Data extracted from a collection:
== == ==

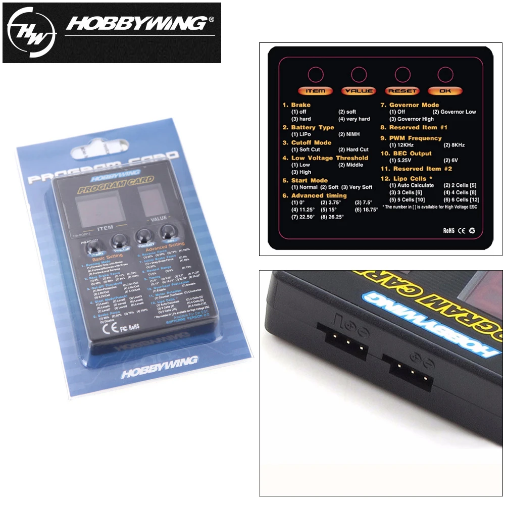 • ESC совместим с бессенсорными бесщеточными двигателями и бесщеточными двигателями с датчиком (только в бессенсорном режиме).• Полностью водонепроницаемый дизайн для любых погодных условий.• Супер внутренний переключатель-Режим BEC с переключаемым НАПРЯЖЕНИЕМ 6 В/7,4 В и cont. /Пиковый ток 6А/15А для легкого вождения большой крутящий момент сервопривода и высоковольтных сервоприводов.• Высоконадежный электронный переключатель позволяет избежать проблем, которые могут возникнуть в связи с традиционным механическим переключателем из-за грязи, воды, тире и т. д.• Отдельный порт программирования, чтобы легко подключить светодиодную программную карту или ЖК-дисплей к ESC.• Пропорциональный тормоз с 9 уровнями максимальной тормозной силы и 9 уровнями сопротивления тормозной силы.• 5 уровней ускорения/ударов от мягкого до агрессивного для различных транспортных средств, шин и дорожек.• Множественная защита: защита от блокировки двигателя, защита от среза низкого напряжения, ТермоЗащита, защита от перегрузки и защита от сбоя (защита от потери сигнала дроссельной заслонки).• Расширенное Программирование с помощью портативной светодиодной программной карты или многофункциональной ЖК-панели.• Обновление прошивки с помощью многофункциональной ЖК-панели HOBBYWING (товар продается отдельно).
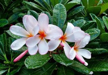 Keywords: flower dew rain wet plumeria plants nature outdoor spring floral bloom
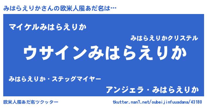 | 男性向けラノベタイトル風あだ名 | 『みはらえりかの嫁は女の子じゃないと思った?』 |
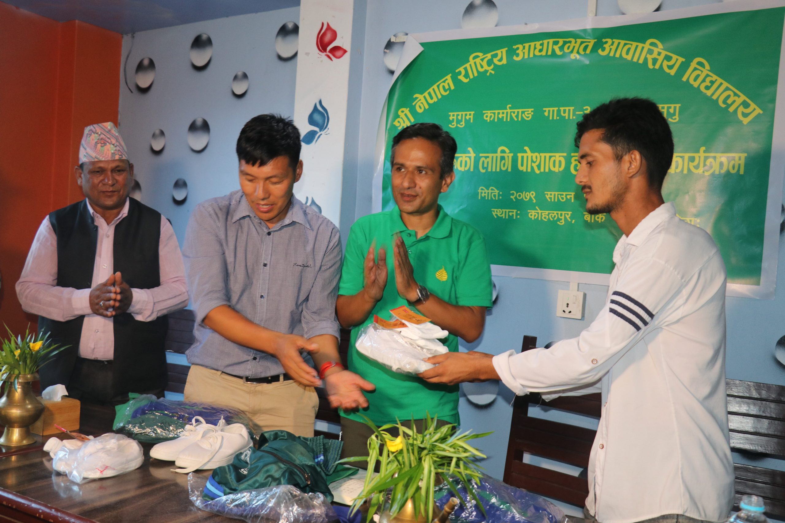 कोहलपुर / मुगुको कार्माराङ गाउँपालिका वडा नं. ३ ताखा स्थित नेपाल राष्ट्रिय आधारभूत आवासीय विद्यालयमा अध्ययनरत विद्यार्थीहरूलाई पोशाक सहयोग गरिएको छ ।
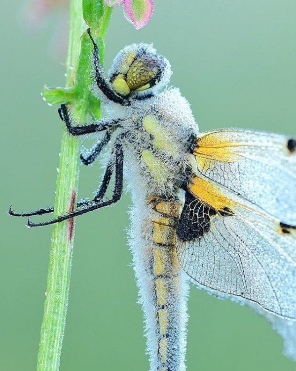Стрекоза заморожена. По взгляду видно.
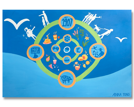 Final piece from a live painting session for the Downtown Seattle Association’s Paint in the Plaza program. Community responses gathered via an online survey shaped the imagery, highlighting Pike Place Market’s historic keystones and the everyday joys visitors experience today. -
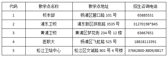 注:1.本表中 “上课地点”栏中的数字为我校各个教学点代码,如数字1,该专业的上课地点为营口路101号,考生可根据各自的意愿进行选择;
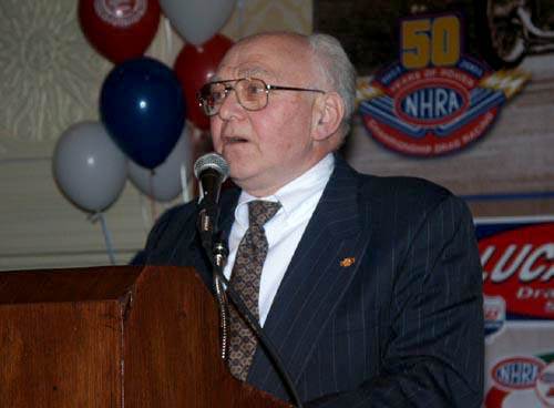 Bob Kaiser spoke to the audience at the 2003 NHRA Northeast Division awards banquet moments

== == ==

What this task involves:
An exact copy of the lines from the one with "男性向けラノベタイトル風あだ名 | 『みはらえりかの嫁は女の子じゃないと思った?』 |" through the last line of the records, inclusive, is required, with all pictures left out.

Task result:
 | 男性向けラノベタイトル風あだ名 | 『みはらえりかの嫁は女の子じゃないと思った?』 |
 कोहलपुर / मुगुको कार्माराङ गाउँपालिका वडा नं. ३ ताखा स्थित नेपाल राष्ट्रिय आधारभूत आवासीय विद्यालयमा अध्ययनरत विद्यार्थीहरूलाई पोशाक सहयोग गरिएको छ ।
Стрекоза заморожена. По взгляду видно.
 Final piece from a live painting session for the Downtown Seattle Association’s Paint in the Plaza program. Community responses gathered via an online survey shaped the imagery, highlighting Pike Place Market’s historic keystones and the everyday joys visitors experience today. -
 注:1.本表中 “上课地点”栏中的数字为我校各个教学点代码,如数字1,该专业的上课地点为营口路101号,考生可根据各自的意愿进行选择;
 Bob Kaiser spoke to the audience at the 2003 NHRA Northeast Division awards banquet moments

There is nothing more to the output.